2.5. Neural Network Hedging Methodology
An alternative to the classic hedging described above is hedging by training a neural network to buy/sell assets that will minimize the percentage change in the net position of the portfolio of VA liabilities and assets from day to day. This is done by constructing a neural network with the same inputs as the neural network described above to price the guarantees. Like the neural network used for pricing, the network contains a single hidden layer of ten nodes. However, instead of the output layer only containing one node for the liability value, the output layer contains nodes that correspond to different assets used to hedge the portfolio. In this paper, the only assets we assumed available for constructing the hedging portfolio were the same two assets used in the delta-rho hedging methodology, namely “stocks” and “bonds” as described above. Thus, the architecture of the network can be described as 10-10-2. The logic for choosing this architecture parallels that for the pricing neural network, though other configurations could be used. Also, while we only chose to use the two specified assets for this study, we note that one of the benefits of this methodology is its flexibility; it could be made to work with many different sets of available assets.
To summarize the methodology, this hedging neural network uses the same inputs as used in the pricing neural network described above and puts out the quantity of each asset to buy/sell and can be trained to buy/sell assets that will minimize some error function related to the goal of creating the hedge.
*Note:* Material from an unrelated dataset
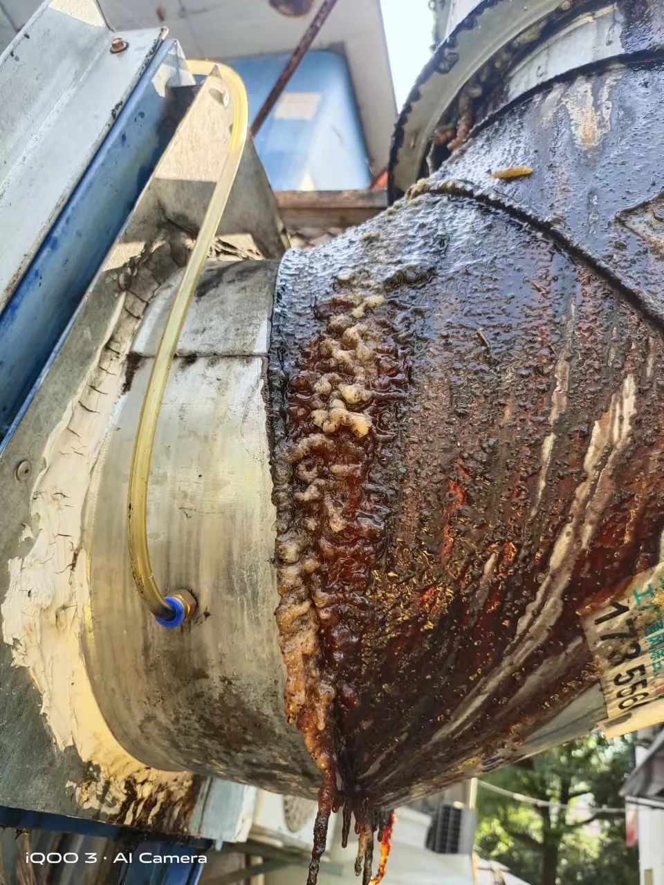 在淮河西路與蒙城路交口西北角的杏香園酒樓樓頂,幾臺油煙監測設備正在運行,根據顯示屏數據顯示,油煙濃度、顆粒物濃度和非甲烷總烴數值均為0mg/m³。在油煙在線監測設備下方地面,已經被從油煙管道滲漏出的油漬污染一大片。記者用木棍粗略地估測了一下,地面的油漬已有約1厘米厚,當記者欲將木棍拿走時,發現濃厚的油漬已經呈現“拉絲”狀。

This reduces the computational cost for obtaining the information needed to hedge the portfolio because a single pass through a neural network involves significantly less computation than simulating a large number of economic paths four different times to find the delta and the rho.
2.6. Neural Network Training
An important aspect of using a neural network for machine learning is training the weights between the nodes in order to better learn the relationship between model inputs and outputs. The simplest algorithm is a so-called “gradient descent”, where the derivative of some error function (typically a sum of squares error function for regression applications, or a cross-entropy error function for classification problems) is taken with respect to each weight. Then, each weight is updated by moving it in the negative direction of its element of the gradient, scaled by some learning rate. A challenge associated with this approach is that if the learning rate is too large, the network will skip over global or local minima and never converge, and if the learning rate is too small, training will take a long time to converge. For this study, the error function chosen was a key determinant in the performance of the neural network; in
Section 3.2, we explore the ramifications of changing the error function.
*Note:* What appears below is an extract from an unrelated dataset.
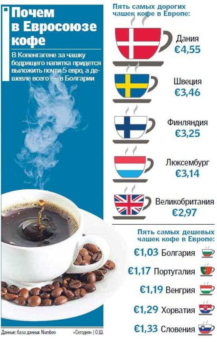 На представленной ниже инфографике можно увидеть, сколько стоит чашка кофе в разных странах ЕС.

Alternatives to gradient descent include the resilient backpropagation algorithm (RPROP), scaled conjugate gradient descent (SCGD), and the Broyden-Fletcher-Goldsharb-Shanno algorithm (BFGS). (
Riedmiller 1994;
Møller 1993) RPROP is an algorithm that updates each weight only based on the sign of the gradient. It then increases the size of the step for each weight as long as that weight maintains the sign for its gradient. If the sign of the gradient for a particular weight changes, the size of the step for that weight is decreased and the step size begins moving in the opposite direction. RPROP is fast, initially, because it uses only first order information but can be slower to converge overall because the use of only first order information makes it difficult for the algorithm to converge towards the end of training.
SCGD is an algorithm that improves on simple gradient descent using a second order approximation to the error function to find an appropriate learning rate at each iteration. BFGS uses a more complete second order approximation and also a line search to determine the appropriate step size and direction for each weight.
For the results in this paper, the BFGS algorithm was used as implemented in the nnet package in R (
Venables and Ripley 2002;
R Core Team 2017). However, parts of the analysis were also run with the SCGD algorithm, with comparable performance. We found that the RPROP algorithm provides a faster initial reduction in error but converges to a desired level of accuracy more slowly than with the other two algorithms, and sometimes fails to converge entirely.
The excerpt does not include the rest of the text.